I coughed again. It hadn’t worked! Nothing would work! I was at my wits’ end!

Suddenly, I remembered the single tranquiliser I had spotted in my medicine cabinet a month or so prior. It was old, but I was prepared to take my chances. It was an emergency! I was on the brink of insanity! I needed to get off the train!

I ran to the bathroom and emptied the contents of the medicine cabinet onto the counter, scrabbling through bottles of unused potions before landing on the precious pill. I washed it down immediately with water from the tap, stumbled back into bed, and waited.

I don’t remember much after that. In the morning, I woke up lying horizontally across my bed, my doona in a heap on the floor. My brain felt like mush, and when I tried to swallow, I discovered one cough lozenge wedged inside my left cheek, and another stuck improbably to the roof of my mouth.

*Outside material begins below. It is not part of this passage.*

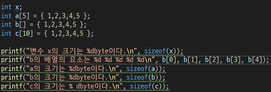 5개의 정수를 저장하는 데 배열c와 같이 배열 크기를 10개로 설정하는 것은 메모리 낭비이다.

I looked at my phone. It was 10.30am. When I checked my emails, I discovered I’d ordered a pair of shoes from an online store at 1.30am.

My long night was much like the 12-hour train trips of my youth. I began the journey feeling hopeful, and quickly descended into madness and despair. My body ached, my head was pounding, and I desperately needed to brush my teeth. Back then, all I got was a sore back and an ex-boyfriend. At least this time, I ended up with a nice new pair of shoes.